• _Problem description_:
Only the pictures are to be left out; return the rest of the data exactly as it stands.

• _Extracted data_:
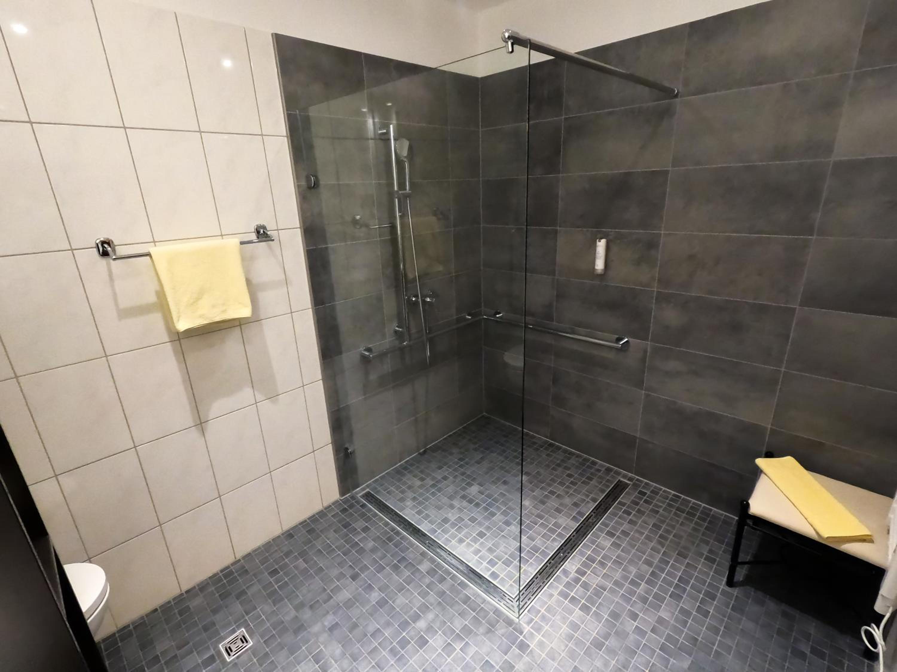 Die Glasschiebetür zum Bad schirmt die Geräusche zum Zimmer nicht ganz ab.
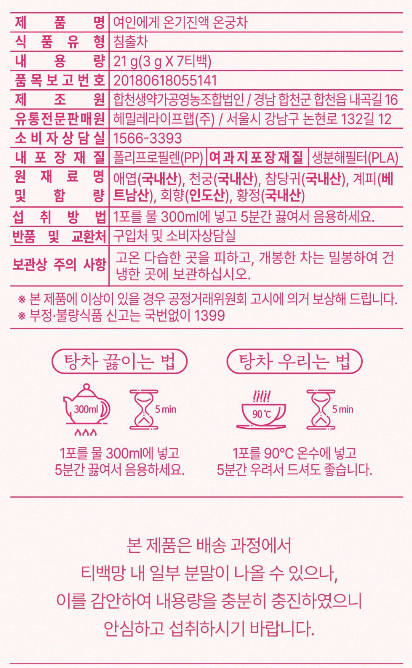 [신규특가] 김소형원방 여성건강 온궁차 티백 (3g, 7개입)
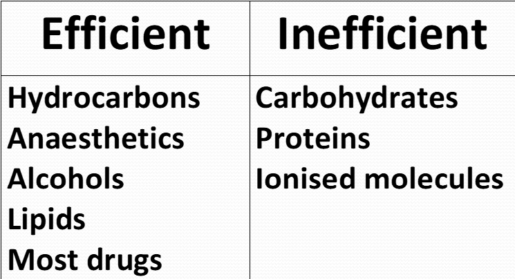 Which molecules are effieicnet/ineffieicent in passive diffusion?
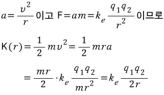 이제 운동에너지 K(r)을 구해봅시다. 가정에서 전자가 궤도를 등속원운동한다고 했죠.
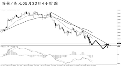 歐元兌美元調(diào)整之后再度強(qiáng)力下行,下方的強(qiáng)支撐在前方低點(diǎn)1.2745。4小時(shí)圖上看,歐元正處于第五浪下跌之中,均線系統(tǒng)回歸空頭排列的狀態(tài)。短線雖然有下跌動能明顯減弱的信號,但預(yù)計(jì)歐元將保持弱勢,若順利跌破1.2745,歐元將繼續(xù)向1.2650一線發(fā)起沖擊。
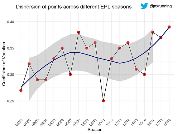 The figure above illustrates the CV across different seasons. Generally, we see there’s relatively greater variation in more recent seasons as compared to the past. For example, there’s 29% variation in 2003/2004 season as compared to 39% variation in 2018/2019. Based on the graph, the most competitive season was probably in 2010/2011 with the least variation of 25%. This suggests that there’s some truth in Robert Pires’s comments.
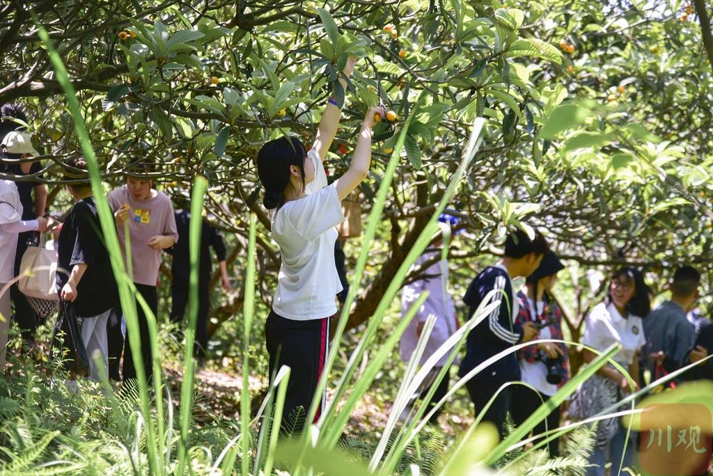 近日,在四川科技职业学院里,“你获得摘枇杷资格了吗?”成为同学之间互相寒暄的新话题。原来,正值学校栽种的枇杷成熟之际,为奖励同学们在过去一年里积极参与城乡环境综合治理、社区文化建设、“青春志愿·靓在乡村”、图书整理、校园白色垃圾清理、拔草等各类志愿劳动,只要义务劳动超过40个小时的同学,均可获得去学校后山摘枇杷的资格。
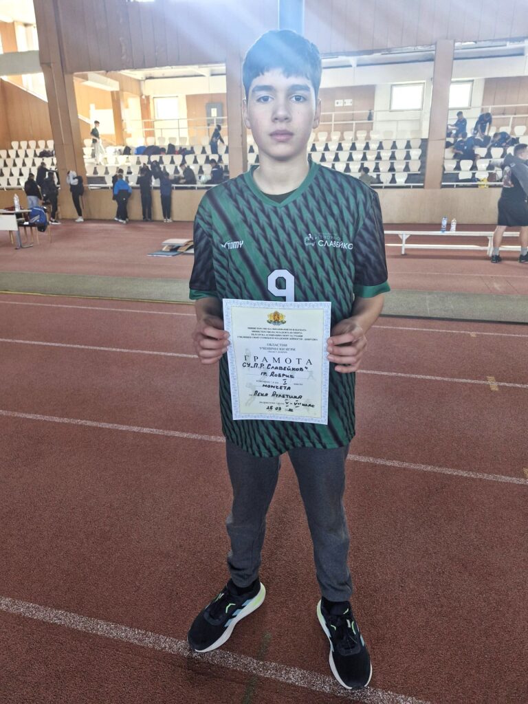 Отборът на СУ „П. Р. Славейков“, момчета 5-7 клас, зае първото място в областната надпревара по лека атлетика в рамките на Ученическите игри. Състезателите ни демонстрираха сила, издръжливост и висок спортен дух и заслужено грабнаха първенството. С много устрем, концентрация и желание за изява момчетата ни
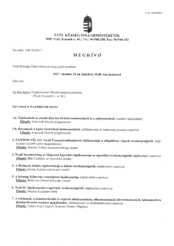 Előterjesztések 2017-10-31
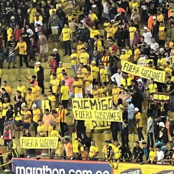 Esas fueron las banderas de los hinchas de Barcelona SC contra el ministro del Deporte, Andrés Guschmer.( )
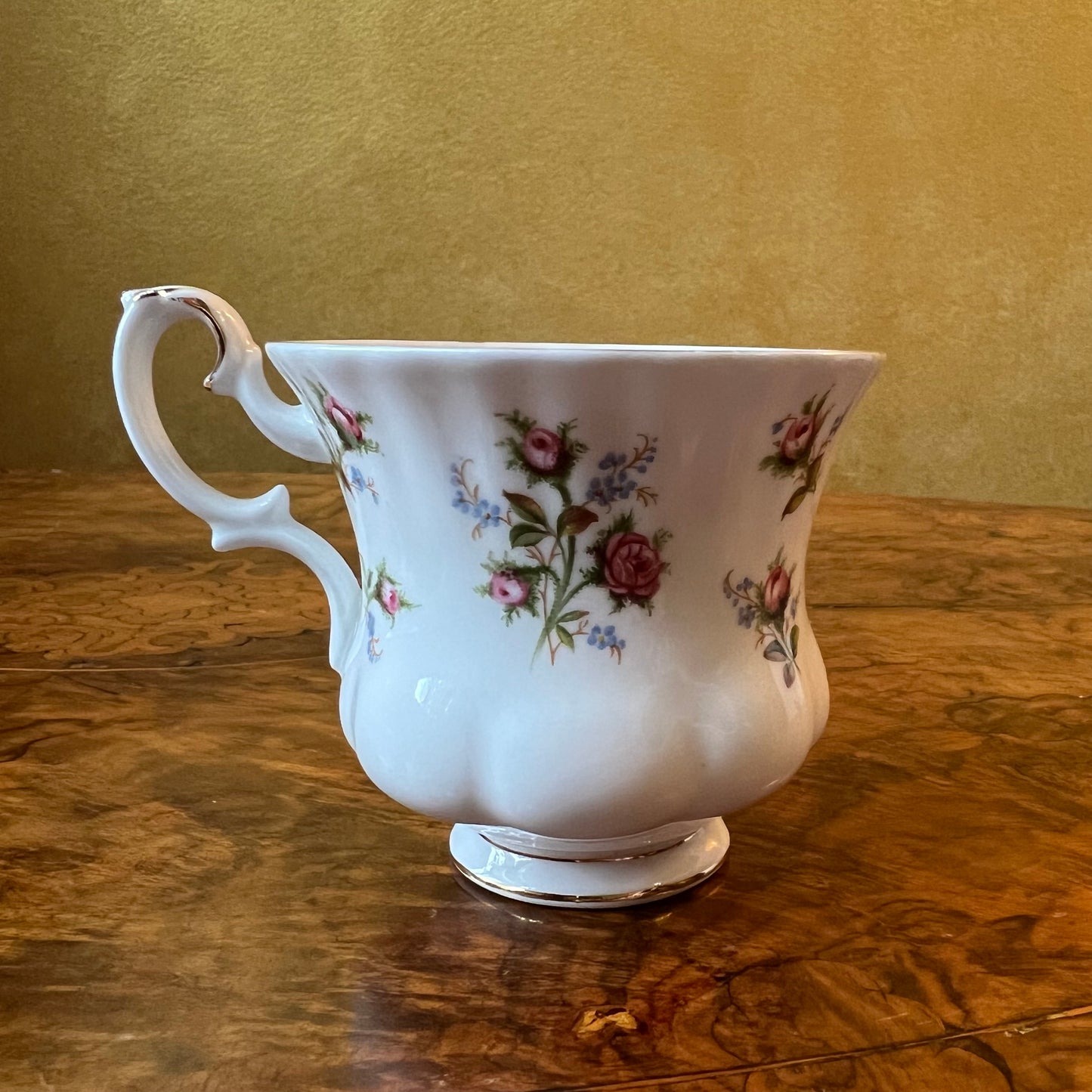 Description: Small tea cup and saucer, pink rose print with gold trimming, some fading to gold trimming, stamped Royal Albert Winsome

• _Task solution_:
 Die Glasschiebetür zum Bad schirmt die Geräusche zum Zimmer nicht ganz ab.
 [신규특가] 김소형원방 여성건강 온궁차 티백 (3g, 7개입)
 Which molecules are effieicnet/ineffieicent in passive diffusion?
 이제 운동에너지 K(r)을 구해봅시다. 가정에서 전자가 궤도를 등속원운동한다고 했죠.
 歐元兌美元調(diào)整之后再度強(qiáng)力下行,下方的強(qiáng)支撐在前方低點(diǎn)1.2745。4小時(shí)圖上看,歐元正處于第五浪下跌之中,均線系統(tǒng)回歸空頭排列的狀態(tài)。短線雖然有下跌動能明顯減弱的信號,但預(yù)計(jì)歐元將保持弱勢,若順利跌破1.2745,歐元將繼續(xù)向1.2650一線發(fā)起沖擊。
 The figure above illustrates the CV across different seasons. Generally, we see there’s relatively greater variation in more recent seasons as compared to the past. For example, there’s 29% variation in 2003/2004 season as compared to 39% variation in 2018/2019. Based on the graph, the most competitive season was probably in 2010/2011 with the least variation of 25%. This suggests that there’s some truth in Robert Pires’s comments.
 近日,在四川科技职业学院里,“你获得摘枇杷资格了吗?”成为同学之间互相寒暄的新话题。原来,正值学校栽种的枇杷成熟之际,为奖励同学们在过去一年里积极参与城乡环境综合治理、社区文化建设、“青春志愿·靓在乡村”、图书整理、校园白色垃圾清理、拔草等各类志愿劳动,只要义务劳动超过40个小时的同学,均可获得去学校后山摘枇杷的资格。
 Отборът на СУ „П. Р. Славейков“, момчета 5-7 клас, зае първото място в областната надпревара по лека атлетика в рамките на Ученическите игри. Състезателите ни демонстрираха сила, издръжливост и висок спортен дух и заслужено грабнаха първенството. С много устрем, концентрация и желание за изява момчетата ни
 Előterjesztések 2017-10-31
 Esas fueron las banderas de los hinchas de Barcelona SC contra el ministro del Deporte, Andrés Guschmer.( )
 Description: Small tea cup and saucer, pink rose print with gold trimming, some fading to gold trimming, stamped Royal Albert Winsome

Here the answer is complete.